Instances can be stuck in BACKUP status
Affects | Status | Importance | Assigned to | Milestone | |
---|---|---|---|---|---|
OpenStack DBaaS (Trove) |
In Progress
|
Low
|
Yang Youseok |
Bug Description
If a Backup is issued for an instance, and the backup hangs or the GuestAgent never processes the message, the Backup state can remain in NEW state. This prevents any other Backups from occurring on that instance, and leaves the Instance a BACKUP state from then on.

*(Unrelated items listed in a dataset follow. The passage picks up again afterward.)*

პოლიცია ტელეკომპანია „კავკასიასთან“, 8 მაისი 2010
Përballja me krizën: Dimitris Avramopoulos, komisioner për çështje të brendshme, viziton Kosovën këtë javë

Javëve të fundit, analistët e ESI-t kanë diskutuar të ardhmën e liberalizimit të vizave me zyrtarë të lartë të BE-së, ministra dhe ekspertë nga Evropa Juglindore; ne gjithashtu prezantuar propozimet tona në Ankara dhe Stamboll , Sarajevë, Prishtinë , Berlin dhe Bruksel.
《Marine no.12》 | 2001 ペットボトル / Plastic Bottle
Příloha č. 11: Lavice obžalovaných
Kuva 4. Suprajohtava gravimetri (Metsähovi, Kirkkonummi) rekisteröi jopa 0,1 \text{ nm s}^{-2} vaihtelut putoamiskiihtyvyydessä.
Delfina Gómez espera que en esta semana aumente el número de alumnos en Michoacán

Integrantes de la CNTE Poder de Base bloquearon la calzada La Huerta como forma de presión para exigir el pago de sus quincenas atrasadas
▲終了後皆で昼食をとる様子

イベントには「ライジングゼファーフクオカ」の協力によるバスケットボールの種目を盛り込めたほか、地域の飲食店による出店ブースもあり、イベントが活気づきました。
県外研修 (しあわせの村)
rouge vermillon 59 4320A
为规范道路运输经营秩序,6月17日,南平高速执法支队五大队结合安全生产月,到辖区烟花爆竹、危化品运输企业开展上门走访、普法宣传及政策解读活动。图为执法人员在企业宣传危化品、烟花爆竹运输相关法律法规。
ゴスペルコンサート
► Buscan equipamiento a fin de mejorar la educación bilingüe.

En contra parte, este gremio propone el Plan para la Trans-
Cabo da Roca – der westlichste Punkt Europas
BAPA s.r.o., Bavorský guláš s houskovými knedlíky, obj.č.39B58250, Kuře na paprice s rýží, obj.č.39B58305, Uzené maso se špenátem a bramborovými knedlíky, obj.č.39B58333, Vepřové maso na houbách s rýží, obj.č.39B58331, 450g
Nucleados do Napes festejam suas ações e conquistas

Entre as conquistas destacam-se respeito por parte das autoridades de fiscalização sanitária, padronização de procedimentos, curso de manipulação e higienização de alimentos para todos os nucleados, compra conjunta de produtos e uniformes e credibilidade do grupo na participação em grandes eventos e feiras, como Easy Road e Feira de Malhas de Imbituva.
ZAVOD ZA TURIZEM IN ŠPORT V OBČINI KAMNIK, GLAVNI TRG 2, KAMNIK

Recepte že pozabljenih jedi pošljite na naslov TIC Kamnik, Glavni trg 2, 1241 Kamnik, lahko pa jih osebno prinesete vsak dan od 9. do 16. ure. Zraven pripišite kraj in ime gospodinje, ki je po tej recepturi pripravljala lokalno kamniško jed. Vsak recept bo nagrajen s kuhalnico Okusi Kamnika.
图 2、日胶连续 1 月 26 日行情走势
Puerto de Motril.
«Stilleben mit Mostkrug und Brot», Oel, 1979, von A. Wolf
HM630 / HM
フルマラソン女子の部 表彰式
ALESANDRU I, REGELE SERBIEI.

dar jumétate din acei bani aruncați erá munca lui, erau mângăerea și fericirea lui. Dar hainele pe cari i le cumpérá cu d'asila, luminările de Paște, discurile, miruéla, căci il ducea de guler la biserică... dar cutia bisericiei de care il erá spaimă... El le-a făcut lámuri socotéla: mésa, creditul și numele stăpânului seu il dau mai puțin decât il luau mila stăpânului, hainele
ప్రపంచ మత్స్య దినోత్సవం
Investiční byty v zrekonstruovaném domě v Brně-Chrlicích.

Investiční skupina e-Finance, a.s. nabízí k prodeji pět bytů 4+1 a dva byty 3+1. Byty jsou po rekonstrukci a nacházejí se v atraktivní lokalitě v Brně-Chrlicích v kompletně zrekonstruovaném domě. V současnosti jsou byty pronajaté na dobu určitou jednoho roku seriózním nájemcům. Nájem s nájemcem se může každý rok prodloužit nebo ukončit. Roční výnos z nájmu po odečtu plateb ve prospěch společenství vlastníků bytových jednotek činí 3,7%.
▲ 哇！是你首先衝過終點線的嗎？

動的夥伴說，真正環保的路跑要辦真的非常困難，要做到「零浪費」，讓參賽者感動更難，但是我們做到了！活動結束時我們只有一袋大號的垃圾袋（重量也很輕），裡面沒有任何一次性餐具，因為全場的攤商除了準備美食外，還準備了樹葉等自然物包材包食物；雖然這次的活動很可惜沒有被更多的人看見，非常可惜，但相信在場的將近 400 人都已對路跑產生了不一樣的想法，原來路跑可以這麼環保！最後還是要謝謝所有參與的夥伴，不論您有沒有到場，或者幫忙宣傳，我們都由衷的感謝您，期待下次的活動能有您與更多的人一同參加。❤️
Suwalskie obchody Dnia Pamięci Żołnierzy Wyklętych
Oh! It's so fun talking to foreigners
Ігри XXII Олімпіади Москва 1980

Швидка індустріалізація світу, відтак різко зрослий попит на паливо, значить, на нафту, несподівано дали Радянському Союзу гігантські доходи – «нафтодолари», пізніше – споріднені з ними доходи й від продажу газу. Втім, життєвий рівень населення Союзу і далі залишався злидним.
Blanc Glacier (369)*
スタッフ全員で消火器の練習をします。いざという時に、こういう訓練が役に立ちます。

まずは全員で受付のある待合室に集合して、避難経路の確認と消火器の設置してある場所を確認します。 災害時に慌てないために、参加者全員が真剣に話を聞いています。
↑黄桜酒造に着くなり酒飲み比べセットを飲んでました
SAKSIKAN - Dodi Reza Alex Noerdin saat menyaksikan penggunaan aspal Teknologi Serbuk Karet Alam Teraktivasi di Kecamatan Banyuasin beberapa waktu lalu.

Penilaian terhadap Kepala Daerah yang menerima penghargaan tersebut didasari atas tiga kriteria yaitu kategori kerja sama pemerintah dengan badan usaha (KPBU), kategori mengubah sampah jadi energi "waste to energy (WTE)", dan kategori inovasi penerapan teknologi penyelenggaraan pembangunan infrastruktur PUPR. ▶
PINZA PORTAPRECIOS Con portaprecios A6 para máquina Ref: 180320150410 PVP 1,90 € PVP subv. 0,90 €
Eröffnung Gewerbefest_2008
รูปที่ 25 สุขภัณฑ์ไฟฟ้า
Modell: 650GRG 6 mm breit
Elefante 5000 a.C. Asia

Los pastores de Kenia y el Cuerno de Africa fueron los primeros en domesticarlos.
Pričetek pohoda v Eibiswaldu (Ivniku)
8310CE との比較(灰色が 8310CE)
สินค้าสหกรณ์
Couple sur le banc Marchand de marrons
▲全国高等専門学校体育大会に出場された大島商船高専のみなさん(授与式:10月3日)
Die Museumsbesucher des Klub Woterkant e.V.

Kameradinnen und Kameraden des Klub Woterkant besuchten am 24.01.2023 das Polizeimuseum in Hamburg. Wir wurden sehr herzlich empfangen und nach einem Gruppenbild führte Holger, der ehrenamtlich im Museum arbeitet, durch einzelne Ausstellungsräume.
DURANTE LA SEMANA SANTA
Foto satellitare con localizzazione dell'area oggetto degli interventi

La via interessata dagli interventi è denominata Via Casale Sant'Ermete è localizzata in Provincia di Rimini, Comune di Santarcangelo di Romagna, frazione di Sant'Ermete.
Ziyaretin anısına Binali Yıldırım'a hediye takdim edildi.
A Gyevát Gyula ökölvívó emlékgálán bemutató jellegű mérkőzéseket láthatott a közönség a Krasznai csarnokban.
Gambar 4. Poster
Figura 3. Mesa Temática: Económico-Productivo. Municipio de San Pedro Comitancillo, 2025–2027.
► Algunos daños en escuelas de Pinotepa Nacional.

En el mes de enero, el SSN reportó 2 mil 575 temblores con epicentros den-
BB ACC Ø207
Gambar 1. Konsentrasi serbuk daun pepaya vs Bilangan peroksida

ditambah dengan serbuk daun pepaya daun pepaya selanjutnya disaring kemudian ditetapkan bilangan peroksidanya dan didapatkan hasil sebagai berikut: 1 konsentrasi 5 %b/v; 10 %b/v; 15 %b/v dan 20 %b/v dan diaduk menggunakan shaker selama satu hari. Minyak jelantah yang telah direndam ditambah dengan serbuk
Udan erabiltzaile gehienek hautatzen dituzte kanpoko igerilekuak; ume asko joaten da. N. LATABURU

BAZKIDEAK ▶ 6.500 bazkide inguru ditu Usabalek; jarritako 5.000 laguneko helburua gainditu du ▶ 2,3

How we report instance state:
### Check if there is a backup running for this instance
if Backup.
return InstanceStatus.
Option 1:
- Immediately set the Backup State to be BUILDING on the BackupAgent -- which means that _only_ the API ever sets a backup to NEW
- If the Backup state is NEW and the created date > some configured time, this means the Guest was not able to consume the message, so a periodic poll should set it to FAILED
Option 2:
- Implement a periodic task that finds all Backups in NEW or BUILDING state that have exceeded the backup duration window and marks them as failed.
Changed in trove: | |
importance: | Undecided → Critical |
Changed in trove: | |
assignee: | nobody → Nikhil Manchanda (slicknik) |
milestone: | none → icehouse-2 |
Changed in trove: | |
milestone: | icehouse-2 → next |
Changed in trove: | |
importance: | Critical → Wishlist |
importance: | Wishlist → Medium |
Changed in trove: | |
importance: | Medium → Low |
Questions about Opt #2:
- who will set duration window ?
- does two periodic task wound't load VM memory ?
I think it would be better not to use another one periodic task, Opt. #1 look easier.